Information as provided by Chris Coudonaris
1. "HE" is to sell the half-ownership of the Parkville and Glengallan piggeries to William Soeryadjaya for a purchase price of US$6,000,000.
2. In order to reduce tax liability and to avoid any possible political backlashes, the payment of the US$6 mil is structured in the following manner:
The first US$5 mil is to be paid in 2 allotments
- US$2.5 mil due immediately after the signing of the contract
- US$2.5 mil after the finalisation and roll-over of the bank loan with NAB
For the same reason of overcoming the current taxation regime:
The first instalment of US$2.5 mil would be divided into a direct fund transfer of US$600,000 as an acquisition payment for 50% of the paid-up ordinary shares of the company. The remaining US$1.9 mil would be treated in a way that it would look like art equity injection of the same amount to the company, whereas it would actually be channelled out of the company for the benefit of "HE". The Purchase Contract/Document was written to reflect only the acquisition payment of US$600,000 and the document would also mention the equity injection of US$1 mil. However, the remaining US$3.5 mil would not be recorded in any official document.

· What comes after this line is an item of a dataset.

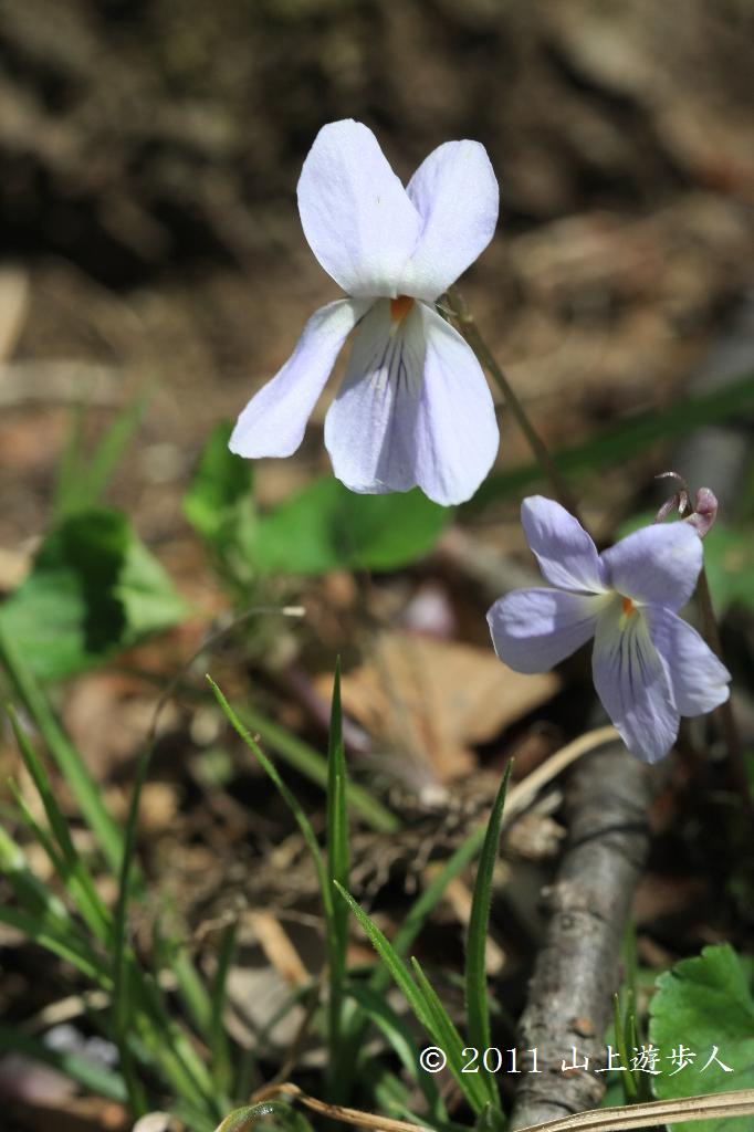 どこにでもあるタチツボスミレ だが左は白色に近く、右は距がかぎ型にまがったカギタチツボスミレと呼ばれるタイプ。

3. The remaining US$1 mil of the total US$6 mil price-tag would be transacted in the following arrangement: WS through JGL would transfer US$2 mil in order to reduce the company's existing loan with CBA from A$13.5 mil to A$11 mil. US$1 mil of this fund-transfer of US$2 mil is for the benefit of "HE", which would be then channelled through AC. While the additional US$1 mil would be repayable back to JGL upon the finalisation and the roll-over of the loan from CBA to NAB. It has been arranged that the loan facility with NAB would stand at A$1.2 mil ie. A$1 mil more than the existing loan of A$1.1 mil with CBA. This was arranged solely for the purpose of transferring US$1 mil back to JGL.
Up to now, WS through JGL had already put in approximately A$6 mil or US$4.5 mil (consisting of the US$2.5 mil First Instalment + the US$2 mil portion used to reduce CBA loan), the other US$2.5 mil has not yet been paid.
Apart from the above transactions, AC had taken a personal loan from BK amounting to US$750,000 (approximately A$1 mil + interests), of which AC signed a Promissory Note. At the time that the Notes fell due, AC was unable to repay this loan, and BK began legal action against AC personally, in order to recover the money and to maintain pressures on AC.
AC's defence was that he was still owed money by the Danes. In 1992 AC sold his wholesale operation to the Danes for US$3 mil and the money is still owing to AC. AC has indicated that he is willing to instruct the Danes to channel A$1 mil of the amount owed to him to repay his personal obligations to BK but BK refused. BK has stated that he wants the whole US$3 mil to be paid to Euphron, and then transferred back to JGL in order to pay-back the US$2 mil used in reducing the CBA loan, plus AC personal loan of US$750,000.